WHAT THE TASK REQUIRES: Copy only the lines from the one containing "Пријем за ученике" through the final line of the records below, exactly as written, with no pictures.

Start of DATA

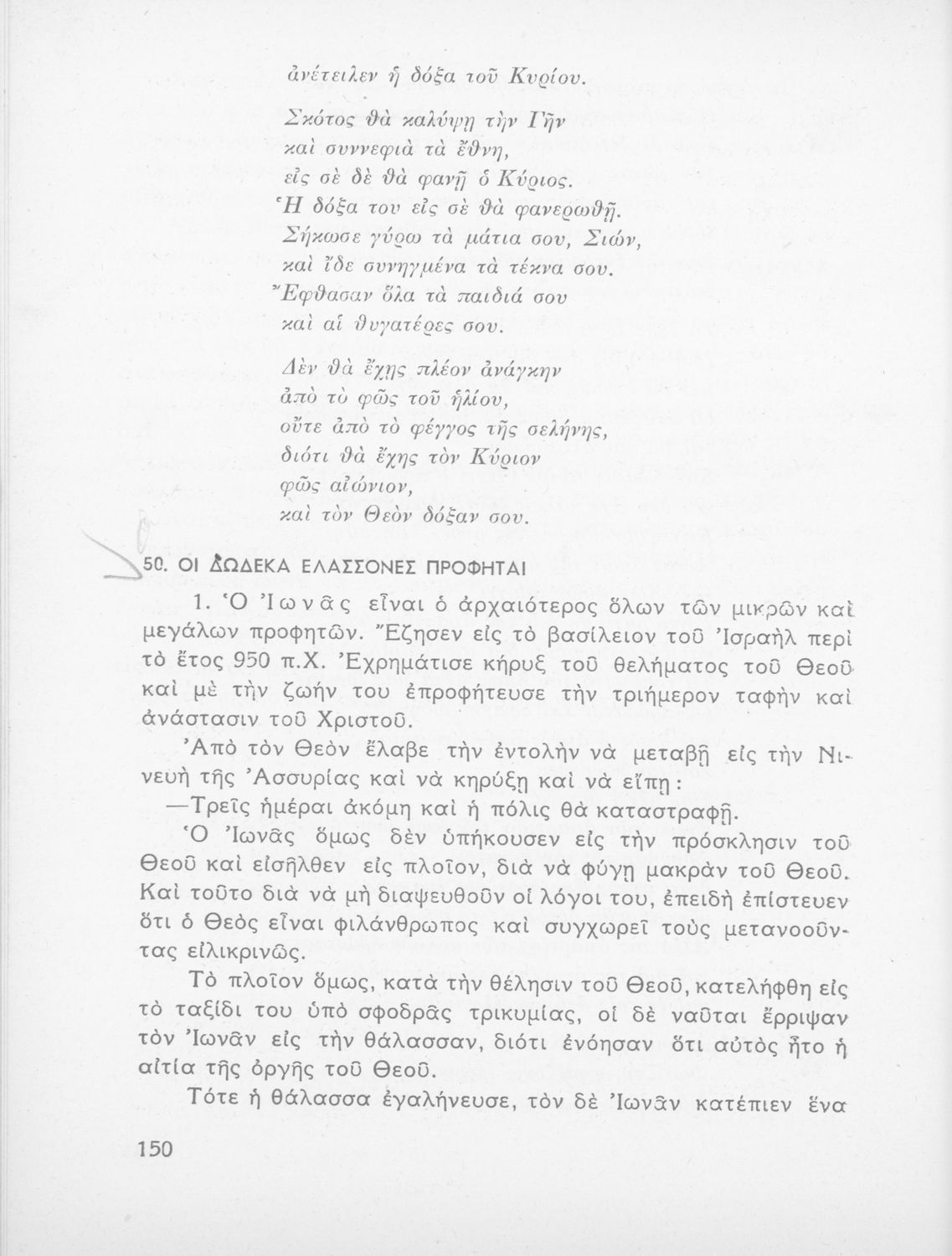 Σχολικό εγχειρίδιο Θρησκευτικών που συνιστά μία εξιστόρηση της Παλαιάς Διαθήκης από τη δημιουργία του κόσμου ως την υποταγή των Εβραίων στους Ρωμαίους. Περιέχει και στοιχεία γεωγραφίας της Παλαιστίνης.
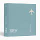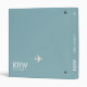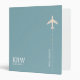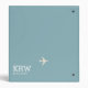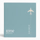 Un classeur bleu clair simple et moderne avec l'image graphique d'un avion blanc, votre nom et vos initiales... et un sujet de voyage spécial.
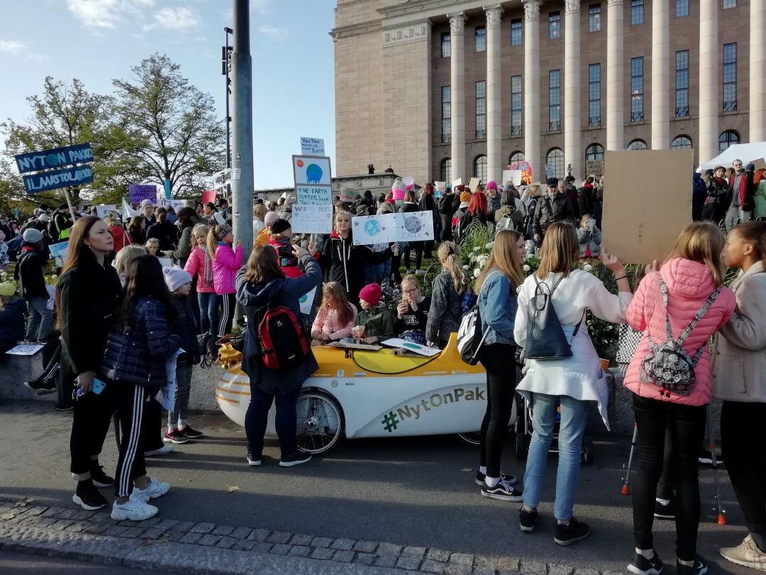 Polkeminen Helsinkiin sujui mukavasti yhtä rengasrikkoa lukuunottamatta. Mielenosoituksessa tunnelma oli innostunut ja nuoret ihmiset puhuivat rohkeasti monituhantiselle yleisölle.
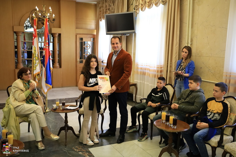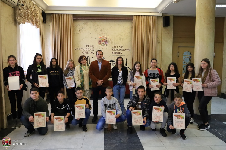 Пријем за ученике из три крагујевачке основне школе који су награђени на Међународном ликовном конкурсу кинеске провинције Ђангсу (2021) и њихове наставнике, организован је у згради Града. Награђен је 21 ученик из школа „19. октобар“, „Јован Поповић“ и „Доситеј Обрадовић“, а награде и дипломе са овог конкурса уручио је Душан Алексић, члан Градског већа за образовање.
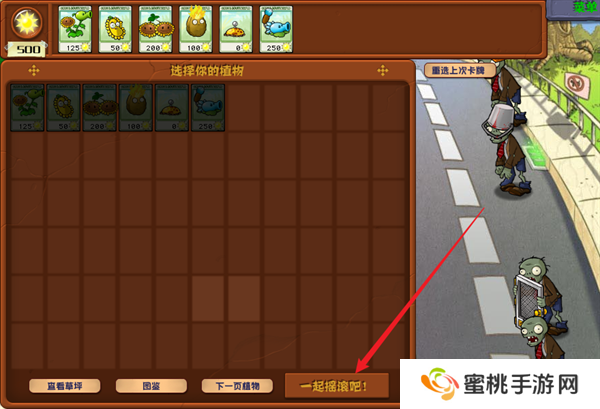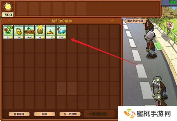 6、你可以在右侧看到这一个关卡内部需要进行作战的僵尸,并从左边选择自己出战的植物卡牌。
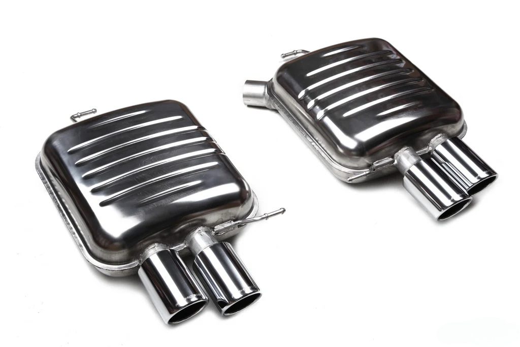 The Eisenmann Rear Mufflers for F10 BMW 550i deliver a refined balance of performance and style, transforming the character of BMW’s executive sedan. Handcrafted in Germany from premium stainless steel, the system is available in two sound profiles — Sport, offering a smooth, deep tone for everyday driving, and Race, delivering an aggressive, motorsport-inspired roar. Owners can further personalize the look with either dual 90mm or quad 90mm polished tips, the latter adding a dramatic presence to the rear of the car. With precise fitment, improved exhaust flow, and Eisenmann’s signature craftsmanship, these mufflers bring both sound and substance to the F10 550i
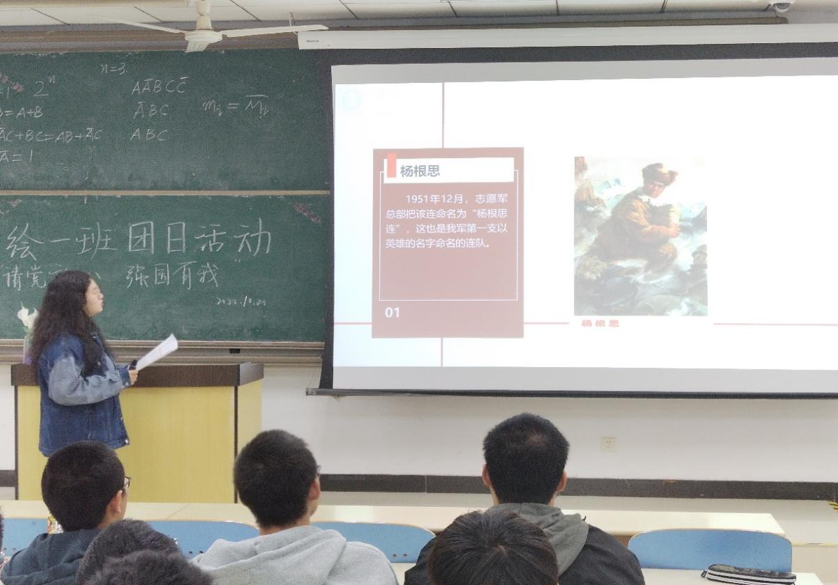 活动中主持人以党的二十大为契机,通过对其的科普性提问,由浅至深引导同学思考处在新时代的我们青年人的历史定位,最终引入“请党放心,强国有我”的主题。随后,主持人回顾党的历史,并分享以杨根思、邱少云等杰出青年党员事迹,激发了同学们勇担历史重任的爱党爱国情怀。班上同学踊跃上台演讲,讲述自己对爱党爱国的深刻理解与思考。最后以全体成员观看觉醒年代影视剧混剪视频结束活动。最后,主持人对团课教育活动总结并再次强调“请党放心,强国有我”的主题。

End of DATA

WRITTEN SOLUTION:
 Пријем за ученике из три крагујевачке основне школе који су награђени на Међународном ликовном конкурсу кинеске провинције Ђангсу (2021) и њихове наставнике, организован је у згради Града. Награђен је 21 ученик из школа „19. октобар“, „Јован Поповић“ и „Доситеј Обрадовић“, а награде и дипломе са овог конкурса уручио је Душан Алексић, члан Градског већа за образовање.
 6、你可以在右侧看到这一个关卡内部需要进行作战的僵尸,并从左边选择自己出战的植物卡牌。
 The Eisenmann Rear Mufflers for F10 BMW 550i deliver a refined balance of performance and style, transforming the character of BMW’s executive sedan. Handcrafted in Germany from premium stainless steel, the system is available in two sound profiles — Sport, offering a smooth, deep tone for everyday driving, and Race, delivering an aggressive, motorsport-inspired roar. Owners can further personalize the look with either dual 90mm or quad 90mm polished tips, the latter adding a dramatic presence to the rear of the car. With precise fitment, improved exhaust flow, and Eisenmann’s signature craftsmanship, these mufflers bring both sound and substance to the F10 550i
 活动中主持人以党的二十大为契机,通过对其的科普性提问,由浅至深引导同学思考处在新时代的我们青年人的历史定位,最终引入“请党放心,强国有我”的主题。随后,主持人回顾党的历史,并分享以杨根思、邱少云等杰出青年党员事迹,激发了同学们勇担历史重任的爱党爱国情怀。班上同学踊跃上台演讲,讲述自己对爱党爱国的深刻理解与思考。最后以全体成员观看觉醒年代影视剧混剪视频结束活动。最后,主持人对团课教育活动总结并再次强调“请党放心,强国有我”的主题。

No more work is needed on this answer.